=== Work instruction ===
Below are the entries. Transcribe exactly the lines from the one with "A critical service" through the one with "Vintage Pop My", ends included, and leave out all others.
^^^^
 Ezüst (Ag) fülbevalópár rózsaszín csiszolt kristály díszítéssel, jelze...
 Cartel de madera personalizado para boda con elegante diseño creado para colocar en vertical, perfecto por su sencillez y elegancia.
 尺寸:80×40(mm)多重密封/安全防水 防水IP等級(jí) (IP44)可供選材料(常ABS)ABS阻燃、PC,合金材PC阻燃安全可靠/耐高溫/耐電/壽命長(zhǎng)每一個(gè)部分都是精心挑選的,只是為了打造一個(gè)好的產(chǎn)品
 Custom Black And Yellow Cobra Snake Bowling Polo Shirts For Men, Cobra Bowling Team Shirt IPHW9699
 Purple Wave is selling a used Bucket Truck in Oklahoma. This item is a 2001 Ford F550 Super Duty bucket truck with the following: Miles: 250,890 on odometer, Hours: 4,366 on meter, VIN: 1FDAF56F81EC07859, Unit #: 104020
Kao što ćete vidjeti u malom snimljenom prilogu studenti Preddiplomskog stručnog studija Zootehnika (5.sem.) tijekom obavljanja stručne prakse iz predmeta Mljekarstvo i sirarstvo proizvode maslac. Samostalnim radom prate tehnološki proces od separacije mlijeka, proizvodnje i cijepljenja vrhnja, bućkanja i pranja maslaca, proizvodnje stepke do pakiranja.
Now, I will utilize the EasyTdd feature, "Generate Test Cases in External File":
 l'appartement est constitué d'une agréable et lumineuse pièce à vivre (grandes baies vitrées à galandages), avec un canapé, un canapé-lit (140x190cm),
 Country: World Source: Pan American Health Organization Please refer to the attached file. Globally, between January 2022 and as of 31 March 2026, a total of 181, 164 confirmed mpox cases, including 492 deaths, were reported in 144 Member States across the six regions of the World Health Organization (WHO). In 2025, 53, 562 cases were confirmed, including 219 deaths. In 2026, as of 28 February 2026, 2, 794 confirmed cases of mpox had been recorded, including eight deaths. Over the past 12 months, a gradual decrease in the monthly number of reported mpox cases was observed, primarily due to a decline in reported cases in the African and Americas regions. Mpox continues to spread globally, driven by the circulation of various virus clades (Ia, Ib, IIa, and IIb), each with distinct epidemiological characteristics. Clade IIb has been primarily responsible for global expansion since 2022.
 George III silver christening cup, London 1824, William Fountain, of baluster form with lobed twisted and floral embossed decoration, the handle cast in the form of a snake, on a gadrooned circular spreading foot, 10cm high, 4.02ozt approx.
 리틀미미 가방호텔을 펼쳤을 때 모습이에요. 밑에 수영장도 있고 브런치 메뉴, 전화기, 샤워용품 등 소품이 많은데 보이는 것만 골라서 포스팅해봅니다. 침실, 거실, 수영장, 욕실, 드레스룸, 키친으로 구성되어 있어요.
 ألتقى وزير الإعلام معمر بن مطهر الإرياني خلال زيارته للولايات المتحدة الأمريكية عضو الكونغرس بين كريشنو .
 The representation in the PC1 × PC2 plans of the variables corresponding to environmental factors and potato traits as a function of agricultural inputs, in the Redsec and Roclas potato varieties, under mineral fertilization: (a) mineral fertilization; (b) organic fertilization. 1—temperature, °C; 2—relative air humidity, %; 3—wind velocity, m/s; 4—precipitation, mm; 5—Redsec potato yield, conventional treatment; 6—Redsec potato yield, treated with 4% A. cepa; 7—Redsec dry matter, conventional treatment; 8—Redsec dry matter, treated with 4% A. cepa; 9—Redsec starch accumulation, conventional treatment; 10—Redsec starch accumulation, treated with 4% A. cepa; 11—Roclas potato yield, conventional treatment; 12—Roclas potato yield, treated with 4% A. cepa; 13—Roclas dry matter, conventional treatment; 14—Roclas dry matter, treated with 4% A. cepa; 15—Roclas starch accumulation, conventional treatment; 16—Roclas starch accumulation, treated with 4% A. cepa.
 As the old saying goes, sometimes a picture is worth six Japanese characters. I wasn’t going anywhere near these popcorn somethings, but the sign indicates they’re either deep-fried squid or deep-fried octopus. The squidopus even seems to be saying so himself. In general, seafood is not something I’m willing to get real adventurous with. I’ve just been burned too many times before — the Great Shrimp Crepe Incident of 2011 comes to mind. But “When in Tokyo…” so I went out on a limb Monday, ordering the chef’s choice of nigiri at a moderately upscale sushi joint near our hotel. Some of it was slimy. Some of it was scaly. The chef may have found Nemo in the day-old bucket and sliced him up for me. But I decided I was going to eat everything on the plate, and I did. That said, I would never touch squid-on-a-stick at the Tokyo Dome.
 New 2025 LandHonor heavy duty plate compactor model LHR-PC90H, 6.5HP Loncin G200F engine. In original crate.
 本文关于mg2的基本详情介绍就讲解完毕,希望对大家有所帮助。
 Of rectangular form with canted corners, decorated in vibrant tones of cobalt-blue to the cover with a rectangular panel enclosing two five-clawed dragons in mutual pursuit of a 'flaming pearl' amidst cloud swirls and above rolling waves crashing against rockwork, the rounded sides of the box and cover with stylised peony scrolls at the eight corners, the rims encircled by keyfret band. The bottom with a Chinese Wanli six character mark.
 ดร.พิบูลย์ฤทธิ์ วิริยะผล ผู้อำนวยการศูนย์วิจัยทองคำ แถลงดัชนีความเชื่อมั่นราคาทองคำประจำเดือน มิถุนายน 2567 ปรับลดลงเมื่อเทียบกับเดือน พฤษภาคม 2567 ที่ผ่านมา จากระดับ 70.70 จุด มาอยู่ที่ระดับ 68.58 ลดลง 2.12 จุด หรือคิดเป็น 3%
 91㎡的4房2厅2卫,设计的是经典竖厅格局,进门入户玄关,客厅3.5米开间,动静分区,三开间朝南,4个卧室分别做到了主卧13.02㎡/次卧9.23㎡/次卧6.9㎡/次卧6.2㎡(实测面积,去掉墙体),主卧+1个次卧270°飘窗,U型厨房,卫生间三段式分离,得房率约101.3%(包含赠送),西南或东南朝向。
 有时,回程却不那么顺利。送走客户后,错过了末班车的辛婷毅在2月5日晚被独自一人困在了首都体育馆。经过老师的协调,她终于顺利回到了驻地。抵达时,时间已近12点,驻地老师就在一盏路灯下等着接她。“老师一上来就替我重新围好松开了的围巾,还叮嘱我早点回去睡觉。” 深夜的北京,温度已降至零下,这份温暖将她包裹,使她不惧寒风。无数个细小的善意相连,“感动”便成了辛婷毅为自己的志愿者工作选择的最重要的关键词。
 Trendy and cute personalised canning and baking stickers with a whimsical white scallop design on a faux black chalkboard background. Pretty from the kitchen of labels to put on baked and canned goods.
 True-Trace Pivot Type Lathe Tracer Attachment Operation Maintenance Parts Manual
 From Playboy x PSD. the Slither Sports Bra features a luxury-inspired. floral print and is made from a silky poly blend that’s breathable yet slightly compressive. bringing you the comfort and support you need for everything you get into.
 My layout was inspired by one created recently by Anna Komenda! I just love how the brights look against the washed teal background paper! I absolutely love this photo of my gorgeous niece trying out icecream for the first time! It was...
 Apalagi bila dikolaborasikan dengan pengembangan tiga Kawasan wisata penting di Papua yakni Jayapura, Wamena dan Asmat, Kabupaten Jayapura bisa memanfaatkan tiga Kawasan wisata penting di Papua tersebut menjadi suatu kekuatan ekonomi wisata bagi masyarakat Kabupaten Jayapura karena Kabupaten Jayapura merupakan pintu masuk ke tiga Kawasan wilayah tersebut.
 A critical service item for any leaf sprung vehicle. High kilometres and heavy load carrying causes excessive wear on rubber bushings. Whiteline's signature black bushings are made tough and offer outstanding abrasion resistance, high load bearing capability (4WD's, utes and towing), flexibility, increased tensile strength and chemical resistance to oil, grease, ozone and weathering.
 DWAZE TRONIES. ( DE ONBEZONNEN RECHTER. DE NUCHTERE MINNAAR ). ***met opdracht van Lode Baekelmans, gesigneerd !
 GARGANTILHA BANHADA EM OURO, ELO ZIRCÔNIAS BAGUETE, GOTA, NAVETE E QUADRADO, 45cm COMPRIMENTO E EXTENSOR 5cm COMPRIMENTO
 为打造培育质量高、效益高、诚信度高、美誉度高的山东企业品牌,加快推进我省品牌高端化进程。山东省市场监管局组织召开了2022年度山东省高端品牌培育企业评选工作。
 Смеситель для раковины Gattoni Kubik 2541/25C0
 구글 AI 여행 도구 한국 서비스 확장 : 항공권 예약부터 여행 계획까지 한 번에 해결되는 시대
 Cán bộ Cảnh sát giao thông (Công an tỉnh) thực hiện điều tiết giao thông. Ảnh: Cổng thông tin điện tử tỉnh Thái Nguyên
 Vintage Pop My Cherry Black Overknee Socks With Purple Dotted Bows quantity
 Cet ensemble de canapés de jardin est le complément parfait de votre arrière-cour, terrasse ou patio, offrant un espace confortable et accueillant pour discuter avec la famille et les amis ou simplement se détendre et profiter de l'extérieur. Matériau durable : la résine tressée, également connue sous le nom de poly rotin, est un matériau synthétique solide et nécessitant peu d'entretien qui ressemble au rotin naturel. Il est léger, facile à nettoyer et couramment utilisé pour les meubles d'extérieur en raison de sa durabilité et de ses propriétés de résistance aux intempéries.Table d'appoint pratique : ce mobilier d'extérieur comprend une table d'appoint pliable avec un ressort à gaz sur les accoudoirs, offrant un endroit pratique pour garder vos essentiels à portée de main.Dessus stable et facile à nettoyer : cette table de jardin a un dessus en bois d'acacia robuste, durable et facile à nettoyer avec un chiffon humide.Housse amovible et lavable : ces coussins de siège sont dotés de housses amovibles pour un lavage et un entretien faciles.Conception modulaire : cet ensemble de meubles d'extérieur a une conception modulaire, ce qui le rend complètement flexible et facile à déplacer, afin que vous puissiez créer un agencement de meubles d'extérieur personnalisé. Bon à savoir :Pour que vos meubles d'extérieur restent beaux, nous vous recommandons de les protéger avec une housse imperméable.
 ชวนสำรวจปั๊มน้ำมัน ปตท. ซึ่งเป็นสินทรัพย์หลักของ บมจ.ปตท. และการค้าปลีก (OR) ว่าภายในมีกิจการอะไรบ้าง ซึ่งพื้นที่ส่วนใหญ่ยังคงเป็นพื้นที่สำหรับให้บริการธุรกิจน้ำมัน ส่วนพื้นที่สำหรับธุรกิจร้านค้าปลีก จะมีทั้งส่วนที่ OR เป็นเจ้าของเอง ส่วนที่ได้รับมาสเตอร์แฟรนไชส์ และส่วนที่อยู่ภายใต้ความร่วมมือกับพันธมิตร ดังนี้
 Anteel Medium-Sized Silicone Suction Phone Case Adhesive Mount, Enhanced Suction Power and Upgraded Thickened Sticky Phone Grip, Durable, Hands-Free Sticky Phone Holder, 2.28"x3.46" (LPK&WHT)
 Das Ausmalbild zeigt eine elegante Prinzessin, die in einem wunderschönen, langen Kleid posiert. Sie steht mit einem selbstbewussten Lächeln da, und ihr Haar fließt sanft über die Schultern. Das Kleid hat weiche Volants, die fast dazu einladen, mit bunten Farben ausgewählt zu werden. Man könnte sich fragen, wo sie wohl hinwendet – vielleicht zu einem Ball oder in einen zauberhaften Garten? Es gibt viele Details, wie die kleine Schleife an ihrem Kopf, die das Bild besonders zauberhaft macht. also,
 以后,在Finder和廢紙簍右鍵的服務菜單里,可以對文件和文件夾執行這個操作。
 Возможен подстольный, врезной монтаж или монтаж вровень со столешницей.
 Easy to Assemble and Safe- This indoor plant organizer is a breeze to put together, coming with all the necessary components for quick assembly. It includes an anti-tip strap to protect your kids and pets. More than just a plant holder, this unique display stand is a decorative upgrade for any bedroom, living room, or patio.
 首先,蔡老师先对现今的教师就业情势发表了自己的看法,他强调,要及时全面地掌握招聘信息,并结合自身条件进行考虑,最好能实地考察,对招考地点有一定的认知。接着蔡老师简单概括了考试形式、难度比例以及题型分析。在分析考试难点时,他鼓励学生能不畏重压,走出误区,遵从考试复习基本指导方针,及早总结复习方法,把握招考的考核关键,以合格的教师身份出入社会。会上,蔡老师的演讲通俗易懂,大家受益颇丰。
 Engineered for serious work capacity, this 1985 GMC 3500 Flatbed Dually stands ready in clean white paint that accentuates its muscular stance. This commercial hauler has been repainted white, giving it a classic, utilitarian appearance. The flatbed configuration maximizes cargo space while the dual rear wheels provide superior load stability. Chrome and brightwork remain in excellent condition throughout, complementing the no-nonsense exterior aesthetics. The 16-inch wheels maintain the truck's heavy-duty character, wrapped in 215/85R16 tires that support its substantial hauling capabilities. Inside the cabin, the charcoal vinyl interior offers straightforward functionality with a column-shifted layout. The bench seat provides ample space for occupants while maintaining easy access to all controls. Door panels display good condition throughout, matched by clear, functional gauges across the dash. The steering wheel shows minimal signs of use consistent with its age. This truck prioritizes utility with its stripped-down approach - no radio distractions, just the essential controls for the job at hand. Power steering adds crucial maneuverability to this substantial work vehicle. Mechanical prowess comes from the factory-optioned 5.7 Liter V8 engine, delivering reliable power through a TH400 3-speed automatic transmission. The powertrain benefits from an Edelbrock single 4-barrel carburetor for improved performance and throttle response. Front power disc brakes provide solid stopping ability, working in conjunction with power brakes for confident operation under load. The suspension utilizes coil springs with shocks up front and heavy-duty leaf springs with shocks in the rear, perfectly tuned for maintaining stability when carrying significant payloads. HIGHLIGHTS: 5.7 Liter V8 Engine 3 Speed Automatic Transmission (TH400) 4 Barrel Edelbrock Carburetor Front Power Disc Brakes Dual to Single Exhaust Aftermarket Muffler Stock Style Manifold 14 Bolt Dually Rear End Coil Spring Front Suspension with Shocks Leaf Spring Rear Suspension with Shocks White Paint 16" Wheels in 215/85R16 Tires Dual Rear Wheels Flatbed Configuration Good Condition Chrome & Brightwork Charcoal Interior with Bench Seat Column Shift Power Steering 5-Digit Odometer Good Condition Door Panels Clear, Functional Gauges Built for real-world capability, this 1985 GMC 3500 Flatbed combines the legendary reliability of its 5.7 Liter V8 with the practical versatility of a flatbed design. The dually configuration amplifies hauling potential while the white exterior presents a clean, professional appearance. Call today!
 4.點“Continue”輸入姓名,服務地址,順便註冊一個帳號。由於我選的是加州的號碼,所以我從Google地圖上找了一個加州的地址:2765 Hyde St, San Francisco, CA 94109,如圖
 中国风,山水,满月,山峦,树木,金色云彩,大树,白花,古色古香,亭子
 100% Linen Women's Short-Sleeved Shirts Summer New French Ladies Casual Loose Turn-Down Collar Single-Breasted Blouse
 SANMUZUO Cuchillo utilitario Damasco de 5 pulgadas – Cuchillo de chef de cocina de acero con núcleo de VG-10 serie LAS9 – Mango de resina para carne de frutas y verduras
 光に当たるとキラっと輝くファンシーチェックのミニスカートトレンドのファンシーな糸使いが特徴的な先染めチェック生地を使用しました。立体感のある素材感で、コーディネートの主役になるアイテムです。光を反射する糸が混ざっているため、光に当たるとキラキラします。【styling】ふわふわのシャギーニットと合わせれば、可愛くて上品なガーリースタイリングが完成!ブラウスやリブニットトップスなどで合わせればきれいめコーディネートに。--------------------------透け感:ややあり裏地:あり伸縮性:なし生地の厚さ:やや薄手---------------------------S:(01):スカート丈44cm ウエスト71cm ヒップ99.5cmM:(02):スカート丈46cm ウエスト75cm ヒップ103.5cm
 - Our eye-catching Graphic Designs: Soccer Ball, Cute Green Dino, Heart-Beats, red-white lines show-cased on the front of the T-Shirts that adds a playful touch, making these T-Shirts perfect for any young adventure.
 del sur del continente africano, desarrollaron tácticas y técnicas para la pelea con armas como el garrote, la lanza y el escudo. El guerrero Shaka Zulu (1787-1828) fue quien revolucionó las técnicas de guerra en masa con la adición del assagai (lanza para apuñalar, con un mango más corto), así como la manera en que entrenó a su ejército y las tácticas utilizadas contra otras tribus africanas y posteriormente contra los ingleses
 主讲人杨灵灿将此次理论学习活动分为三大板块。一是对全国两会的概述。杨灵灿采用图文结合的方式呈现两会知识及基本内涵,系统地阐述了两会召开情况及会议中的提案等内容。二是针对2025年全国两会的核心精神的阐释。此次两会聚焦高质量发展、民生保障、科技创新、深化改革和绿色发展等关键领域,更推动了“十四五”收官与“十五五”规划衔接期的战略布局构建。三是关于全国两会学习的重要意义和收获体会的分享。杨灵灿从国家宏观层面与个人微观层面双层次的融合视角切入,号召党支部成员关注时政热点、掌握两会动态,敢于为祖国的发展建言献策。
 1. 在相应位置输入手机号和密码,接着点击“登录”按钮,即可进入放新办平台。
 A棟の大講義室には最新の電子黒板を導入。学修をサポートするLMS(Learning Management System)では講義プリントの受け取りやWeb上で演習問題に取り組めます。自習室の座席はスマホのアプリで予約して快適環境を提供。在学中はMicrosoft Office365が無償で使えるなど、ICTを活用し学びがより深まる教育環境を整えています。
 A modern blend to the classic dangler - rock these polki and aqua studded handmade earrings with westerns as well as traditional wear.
^^^^
=== Written answer ===
 A critical service item for any leaf sprung vehicle. High kilometres and heavy load carrying causes excessive wear on rubber bushings. Whiteline's signature black bushings are made tough and offer outstanding abrasion resistance, high load bearing capability (4WD's, utes and towing), flexibility, increased tensile strength and chemical resistance to oil, grease, ozone and weathering.
 DWAZE TRONIES. ( DE ONBEZONNEN RECHTER. DE NUCHTERE MINNAAR ). ***met opdracht van Lode Baekelmans, gesigneerd !
 GARGANTILHA BANHADA EM OURO, ELO ZIRCÔNIAS BAGUETE, GOTA, NAVETE E QUADRADO, 45cm COMPRIMENTO E EXTENSOR 5cm COMPRIMENTO
 为打造培育质量高、效益高、诚信度高、美誉度高的山东企业品牌,加快推进我省品牌高端化进程。山东省市场监管局组织召开了2022年度山东省高端品牌培育企业评选工作。
 Смеситель для раковины Gattoni Kubik 2541/25C0
 구글 AI 여행 도구 한국 서비스 확장 : 항공권 예약부터 여행 계획까지 한 번에 해결되는 시대
 Cán bộ Cảnh sát giao thông (Công an tỉnh) thực hiện điều tiết giao thông. Ảnh: Cổng thông tin điện tử tỉnh Thái Nguyên
 Vintage Pop My Cherry Black Overknee Socks With Purple Dotted Bows quantity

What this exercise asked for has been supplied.